__TASK INSTRUCTIONS__
From the entries below, output the line with "This piece is" and each following line up to and including the line with "表弟挺喜欢,但纠结现在订车会", exactly as written.

__RECORDS SHOWN__
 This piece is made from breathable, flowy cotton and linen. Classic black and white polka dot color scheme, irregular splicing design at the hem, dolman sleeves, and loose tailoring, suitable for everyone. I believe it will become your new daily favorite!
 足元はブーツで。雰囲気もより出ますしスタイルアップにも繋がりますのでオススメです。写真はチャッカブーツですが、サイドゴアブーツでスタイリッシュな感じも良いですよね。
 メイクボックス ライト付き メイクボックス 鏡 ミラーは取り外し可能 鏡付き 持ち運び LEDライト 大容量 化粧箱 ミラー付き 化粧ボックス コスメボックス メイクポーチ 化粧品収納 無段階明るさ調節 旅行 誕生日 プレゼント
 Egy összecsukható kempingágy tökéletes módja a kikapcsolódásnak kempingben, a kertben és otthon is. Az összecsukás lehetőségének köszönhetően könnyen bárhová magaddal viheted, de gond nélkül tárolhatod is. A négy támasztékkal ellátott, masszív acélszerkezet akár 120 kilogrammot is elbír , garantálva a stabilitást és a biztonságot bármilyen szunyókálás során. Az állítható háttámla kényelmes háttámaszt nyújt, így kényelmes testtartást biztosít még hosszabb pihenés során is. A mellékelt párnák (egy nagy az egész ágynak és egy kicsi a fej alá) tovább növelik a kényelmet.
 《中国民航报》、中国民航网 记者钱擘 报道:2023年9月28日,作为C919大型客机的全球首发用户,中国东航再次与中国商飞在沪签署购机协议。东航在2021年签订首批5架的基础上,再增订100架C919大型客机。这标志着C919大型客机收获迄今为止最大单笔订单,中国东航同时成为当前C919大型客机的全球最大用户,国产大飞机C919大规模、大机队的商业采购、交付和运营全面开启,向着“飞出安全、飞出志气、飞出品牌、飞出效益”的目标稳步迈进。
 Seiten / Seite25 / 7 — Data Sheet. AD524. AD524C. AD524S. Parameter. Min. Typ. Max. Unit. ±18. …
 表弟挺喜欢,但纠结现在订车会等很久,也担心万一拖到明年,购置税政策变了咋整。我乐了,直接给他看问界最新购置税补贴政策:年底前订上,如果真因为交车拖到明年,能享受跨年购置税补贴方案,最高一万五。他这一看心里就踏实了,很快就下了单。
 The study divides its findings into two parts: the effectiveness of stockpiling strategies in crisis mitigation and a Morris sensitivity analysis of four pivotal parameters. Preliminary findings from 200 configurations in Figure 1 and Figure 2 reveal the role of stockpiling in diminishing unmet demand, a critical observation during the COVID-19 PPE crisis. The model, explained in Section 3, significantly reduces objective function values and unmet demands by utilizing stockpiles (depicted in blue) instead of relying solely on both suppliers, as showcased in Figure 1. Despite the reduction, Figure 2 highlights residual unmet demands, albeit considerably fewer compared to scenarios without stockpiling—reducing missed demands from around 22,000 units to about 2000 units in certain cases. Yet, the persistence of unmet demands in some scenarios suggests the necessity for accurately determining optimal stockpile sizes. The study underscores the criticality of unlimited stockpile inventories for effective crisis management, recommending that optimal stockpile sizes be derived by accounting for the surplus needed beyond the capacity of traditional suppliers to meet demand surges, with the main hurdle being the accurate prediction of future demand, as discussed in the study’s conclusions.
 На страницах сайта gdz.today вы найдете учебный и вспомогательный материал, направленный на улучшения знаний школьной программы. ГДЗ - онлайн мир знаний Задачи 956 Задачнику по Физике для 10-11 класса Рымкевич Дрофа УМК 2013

...

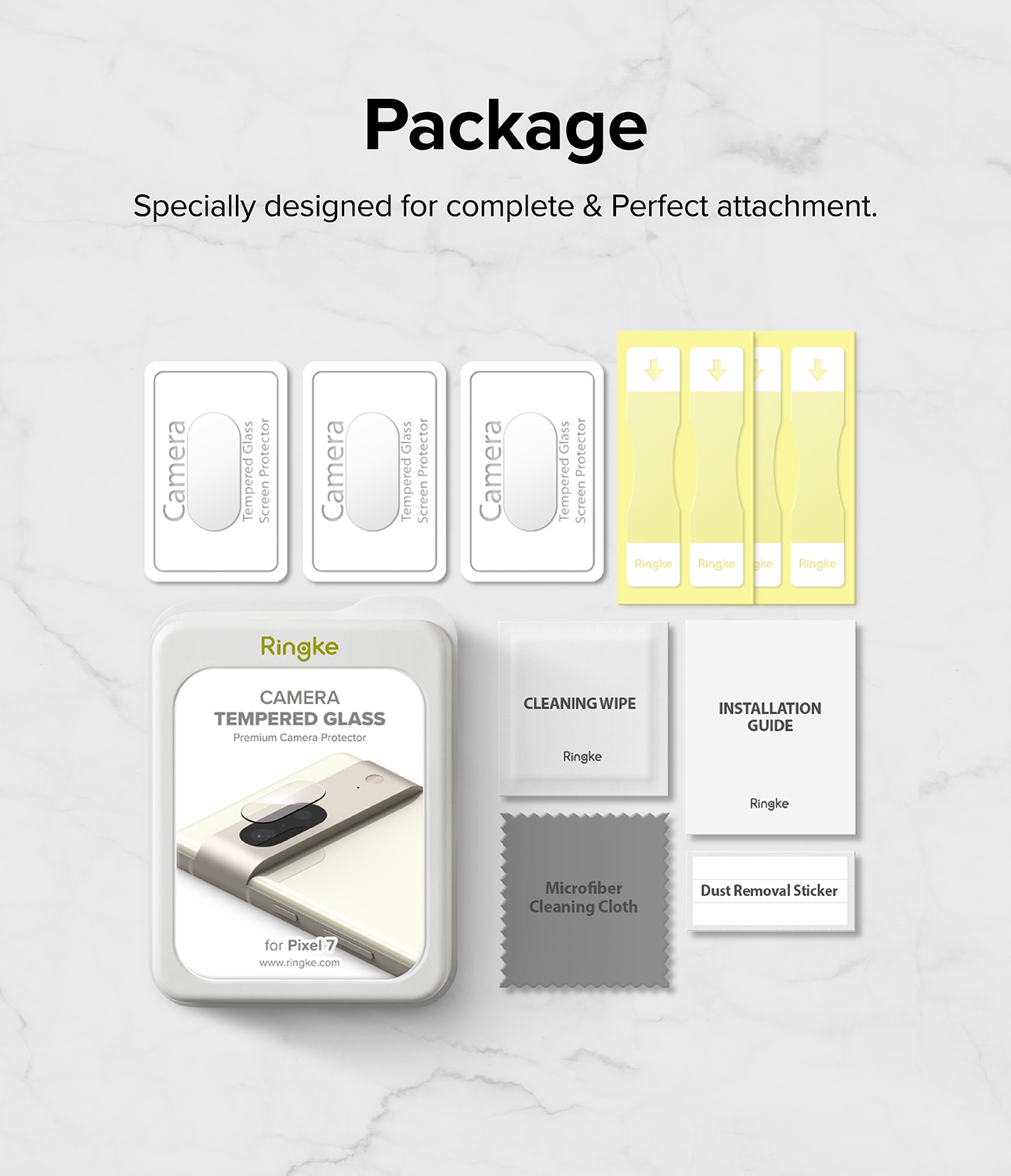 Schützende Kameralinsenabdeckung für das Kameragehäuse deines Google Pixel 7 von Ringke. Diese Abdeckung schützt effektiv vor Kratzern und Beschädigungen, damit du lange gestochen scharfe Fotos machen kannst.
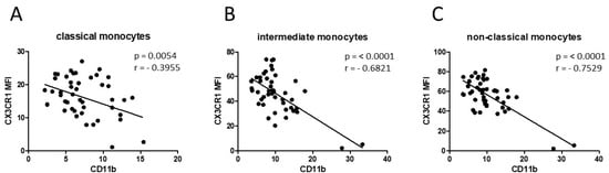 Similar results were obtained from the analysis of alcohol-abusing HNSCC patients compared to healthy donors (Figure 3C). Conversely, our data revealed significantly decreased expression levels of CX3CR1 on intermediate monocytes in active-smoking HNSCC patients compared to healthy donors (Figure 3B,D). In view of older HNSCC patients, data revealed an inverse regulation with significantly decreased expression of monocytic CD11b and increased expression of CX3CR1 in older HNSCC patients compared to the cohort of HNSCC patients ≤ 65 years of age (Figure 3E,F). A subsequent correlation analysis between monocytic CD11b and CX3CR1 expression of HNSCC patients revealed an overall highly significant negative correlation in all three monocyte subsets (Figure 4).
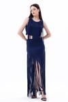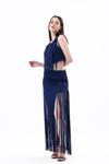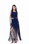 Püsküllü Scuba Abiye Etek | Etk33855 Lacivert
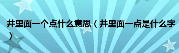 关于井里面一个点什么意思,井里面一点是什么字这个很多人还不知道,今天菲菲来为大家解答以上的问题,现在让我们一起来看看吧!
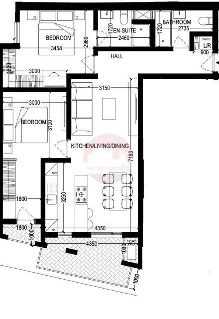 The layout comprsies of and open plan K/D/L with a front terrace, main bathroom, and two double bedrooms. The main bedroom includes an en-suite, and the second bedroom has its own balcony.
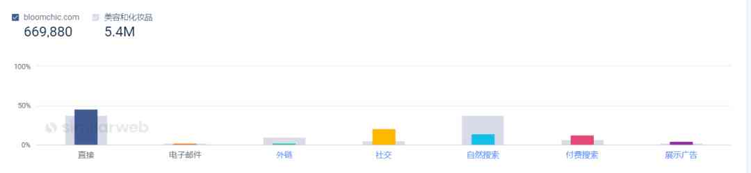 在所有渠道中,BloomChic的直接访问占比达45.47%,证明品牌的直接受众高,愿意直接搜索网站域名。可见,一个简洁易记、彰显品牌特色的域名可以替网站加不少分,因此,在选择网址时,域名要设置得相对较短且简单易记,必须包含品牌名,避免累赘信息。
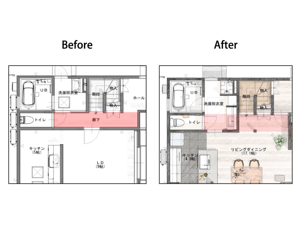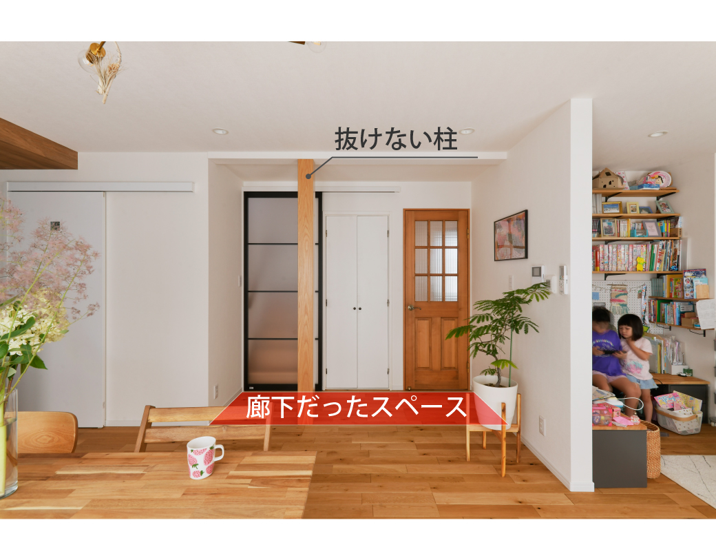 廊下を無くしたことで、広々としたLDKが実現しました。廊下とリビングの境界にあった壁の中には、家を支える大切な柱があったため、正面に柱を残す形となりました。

---

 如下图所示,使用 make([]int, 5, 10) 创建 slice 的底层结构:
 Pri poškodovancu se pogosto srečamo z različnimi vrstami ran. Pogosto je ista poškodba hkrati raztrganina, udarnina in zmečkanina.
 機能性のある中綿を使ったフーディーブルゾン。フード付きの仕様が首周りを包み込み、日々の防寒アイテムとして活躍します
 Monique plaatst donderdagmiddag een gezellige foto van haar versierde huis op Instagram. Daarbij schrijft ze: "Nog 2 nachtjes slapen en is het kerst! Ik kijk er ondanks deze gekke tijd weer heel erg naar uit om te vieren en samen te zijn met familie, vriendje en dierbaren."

__RESPONSE TO THIS TASK__
 This piece is made from breathable, flowy cotton and linen. Classic black and white polka dot color scheme, irregular splicing design at the hem, dolman sleeves, and loose tailoring, suitable for everyone. I believe it will become your new daily favorite!
 足元はブーツで。雰囲気もより出ますしスタイルアップにも繋がりますのでオススメです。写真はチャッカブーツですが、サイドゴアブーツでスタイリッシュな感じも良いですよね。
 メイクボックス ライト付き メイクボックス 鏡 ミラーは取り外し可能 鏡付き 持ち運び LEDライト 大容量 化粧箱 ミラー付き 化粧ボックス コスメボックス メイクポーチ 化粧品収納 無段階明るさ調節 旅行 誕生日 プレゼント
 Egy összecsukható kempingágy tökéletes módja a kikapcsolódásnak kempingben, a kertben és otthon is. Az összecsukás lehetőségének köszönhetően könnyen bárhová magaddal viheted, de gond nélkül tárolhatod is. A négy támasztékkal ellátott, masszív acélszerkezet akár 120 kilogrammot is elbír , garantálva a stabilitást és a biztonságot bármilyen szunyókálás során. Az állítható háttámla kényelmes háttámaszt nyújt, így kényelmes testtartást biztosít még hosszabb pihenés során is. A mellékelt párnák (egy nagy az egész ágynak és egy kicsi a fej alá) tovább növelik a kényelmet.
 《中国民航报》、中国民航网 记者钱擘 报道:2023年9月28日,作为C919大型客机的全球首发用户,中国东航再次与中国商飞在沪签署购机协议。东航在2021年签订首批5架的基础上,再增订100架C919大型客机。这标志着C919大型客机收获迄今为止最大单笔订单,中国东航同时成为当前C919大型客机的全球最大用户,国产大飞机C919大规模、大机队的商业采购、交付和运营全面开启,向着“飞出安全、飞出志气、飞出品牌、飞出效益”的目标稳步迈进。
 Seiten / Seite25 / 7 — Data Sheet. AD524. AD524C. AD524S. Parameter. Min. Typ. Max. Unit. ±18. …
 表弟挺喜欢,但纠结现在订车会等很久,也担心万一拖到明年,购置税政策变了咋整。我乐了,直接给他看问界最新购置税补贴政策:年底前订上,如果真因为交车拖到明年,能享受跨年购置税补贴方案,最高一万五。他这一看心里就踏实了,很快就下了单。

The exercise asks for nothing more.